• What is being asked: Reproduce exactly, and only, the lines of the material below running from the line bearing "Ricordo a tutti" through the line bearing "ERDBEEREN - Vollreife, süße". Leave any pictures out.

• Records to use:
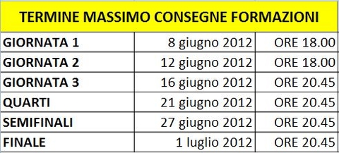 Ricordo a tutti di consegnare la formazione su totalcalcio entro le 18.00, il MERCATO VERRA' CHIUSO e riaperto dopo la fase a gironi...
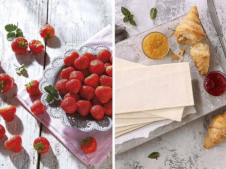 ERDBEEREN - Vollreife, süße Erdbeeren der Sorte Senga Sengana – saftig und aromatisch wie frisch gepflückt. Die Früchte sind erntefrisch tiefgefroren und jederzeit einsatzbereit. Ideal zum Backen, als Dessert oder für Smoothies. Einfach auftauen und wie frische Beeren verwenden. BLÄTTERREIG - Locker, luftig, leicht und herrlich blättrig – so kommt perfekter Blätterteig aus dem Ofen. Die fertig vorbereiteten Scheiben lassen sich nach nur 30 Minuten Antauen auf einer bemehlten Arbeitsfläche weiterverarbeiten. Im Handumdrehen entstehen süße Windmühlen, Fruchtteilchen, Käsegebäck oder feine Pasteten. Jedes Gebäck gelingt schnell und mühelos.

---

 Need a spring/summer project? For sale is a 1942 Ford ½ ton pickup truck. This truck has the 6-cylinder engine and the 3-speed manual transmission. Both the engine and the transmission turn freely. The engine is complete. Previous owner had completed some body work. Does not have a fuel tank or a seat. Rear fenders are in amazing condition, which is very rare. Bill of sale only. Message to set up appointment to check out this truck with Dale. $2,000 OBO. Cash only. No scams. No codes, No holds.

* * *

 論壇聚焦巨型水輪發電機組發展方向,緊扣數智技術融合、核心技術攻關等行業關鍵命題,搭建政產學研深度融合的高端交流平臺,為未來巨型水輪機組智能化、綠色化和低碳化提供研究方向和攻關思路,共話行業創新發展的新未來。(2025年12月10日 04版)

• Answer to the problem:
 Ricordo a tutti di consegnare la formazione su totalcalcio entro le 18.00, il MERCATO VERRA' CHIUSO e riaperto dopo la fase a gironi...
 ERDBEEREN - Vollreife, süße Erdbeeren der Sorte Senga Sengana – saftig und aromatisch wie frisch gepflückt. Die Früchte sind erntefrisch tiefgefroren und jederzeit einsatzbereit. Ideal zum Backen, als Dessert oder für Smoothies. Einfach auftauen und wie frische Beeren verwenden. BLÄTTERREIG - Locker, luftig, leicht und herrlich blättrig – so kommt perfekter Blätterteig aus dem Ofen. Die fertig vorbereiteten Scheiben lassen sich nach nur 30 Minuten Antauen auf einer bemehlten Arbeitsfläche weiterverarbeiten. Im Handumdrehen entstehen süße Windmühlen, Fruchtteilchen, Käsegebäck oder feine Pasteten. Jedes Gebäck gelingt schnell und mühelos.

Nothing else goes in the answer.